AI Content Detection with Pangram

Every chair we talk to asks the same question this year: how much of what we're reviewing was written by a model? Nobody has a clean answer, and nobody has time to read 300 submissions with that question in mind. The biggest conferences have started screening: NeurIPS 2026 ran its Position Paper Track through Pangram and desk rejected 178 submissions, and Pangram's analysis of ICLR 2026 found about one in five reviews showed signs of AI generation. PaperFox now gives every conference the same capability: AI Content Detection, powered by Pangram, runs across an entire track in one click and shows you where to look.
One Click for the Whole Track
Detection lives under Submission Management on every track page, next to compliance checks. Click Run All to analyze every submission with a PDF, or Run on a single row when a specific submission needs a second look.
The service card shows the rate; every row shows its verdict and composition
The run happens in the background with a progress bar, so you can keep working. Each submission's row updates with:
- A verdict: AI (red), Mixed (amber), or Human (green)
- A composition bar showing what share of the text looks AI-generated, AI-assisted, and human-written, with exact percentages on hover
- A magnifier icon that opens the full evidence panel
On large tracks, a search box and a verdict filter (All, AI, Mixed, Human, Skipped, Not analyzed, each with live counts) narrow the list to the submissions worth your attention.

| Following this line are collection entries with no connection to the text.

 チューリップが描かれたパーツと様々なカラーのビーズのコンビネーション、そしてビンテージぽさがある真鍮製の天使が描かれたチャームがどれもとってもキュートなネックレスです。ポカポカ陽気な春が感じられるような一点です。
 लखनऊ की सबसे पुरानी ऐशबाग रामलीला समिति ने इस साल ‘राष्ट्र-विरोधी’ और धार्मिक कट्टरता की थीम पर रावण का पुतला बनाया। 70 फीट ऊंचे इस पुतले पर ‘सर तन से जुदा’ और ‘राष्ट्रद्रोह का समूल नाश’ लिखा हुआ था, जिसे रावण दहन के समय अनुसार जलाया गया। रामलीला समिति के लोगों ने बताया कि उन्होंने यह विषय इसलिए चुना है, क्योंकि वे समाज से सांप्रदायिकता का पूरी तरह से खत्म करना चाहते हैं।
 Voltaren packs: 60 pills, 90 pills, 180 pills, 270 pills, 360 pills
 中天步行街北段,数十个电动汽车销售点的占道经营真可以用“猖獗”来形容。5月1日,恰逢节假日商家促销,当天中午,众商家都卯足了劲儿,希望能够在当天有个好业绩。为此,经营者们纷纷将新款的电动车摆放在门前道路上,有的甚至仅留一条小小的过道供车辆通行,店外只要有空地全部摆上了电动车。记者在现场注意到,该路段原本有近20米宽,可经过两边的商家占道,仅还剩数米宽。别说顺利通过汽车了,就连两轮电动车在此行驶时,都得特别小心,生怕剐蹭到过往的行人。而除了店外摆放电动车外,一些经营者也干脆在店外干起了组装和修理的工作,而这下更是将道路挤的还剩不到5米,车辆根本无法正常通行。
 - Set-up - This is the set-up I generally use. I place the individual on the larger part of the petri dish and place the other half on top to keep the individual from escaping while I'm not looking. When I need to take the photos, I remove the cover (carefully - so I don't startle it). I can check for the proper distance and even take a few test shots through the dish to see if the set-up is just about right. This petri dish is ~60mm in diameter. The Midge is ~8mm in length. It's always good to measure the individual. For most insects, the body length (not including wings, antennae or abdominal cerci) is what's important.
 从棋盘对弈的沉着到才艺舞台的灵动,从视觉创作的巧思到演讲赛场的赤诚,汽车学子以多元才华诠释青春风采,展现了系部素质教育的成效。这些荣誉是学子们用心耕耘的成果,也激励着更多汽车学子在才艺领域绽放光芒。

See the Evidence, Not Just the Number
Click the magnifier on any analyzed submission and PaperFox shows the flagged passages themselves, each with its label, score, and confidence level. Passages that look like humanized model output carry an extra Humanizer detected badge.
Flagged passages with their label, score, confidence, and humanizer status
A submission with a Human verdict simply has no flagged passages. The panel confirms nothing was flagged and you move on.
Privacy and Cost
Running detection is a chair's decision, and so is author consent: tell authors in your call for papers or submission terms that submissions may be screened for AI-generated text before you run it. On Pangram's side, submitted content is not used to train its models and the service is SOC 2 Type II certified; see Pangram's data privacy page for the details. Detection costs 200 credits per 1,000 words, about $6 for a typical 9,000-word submission. For comparison, Pangram's own API price is $0.50 per 1,000 words and PaperFox charges $0.67; the difference covers text extraction, the evidence panel, batch runs, and automatic refunds when the vendor fails. Unchanged submissions are never charged twice. The confirmation dialog shows the exact cost and the data disclosure before anything runs.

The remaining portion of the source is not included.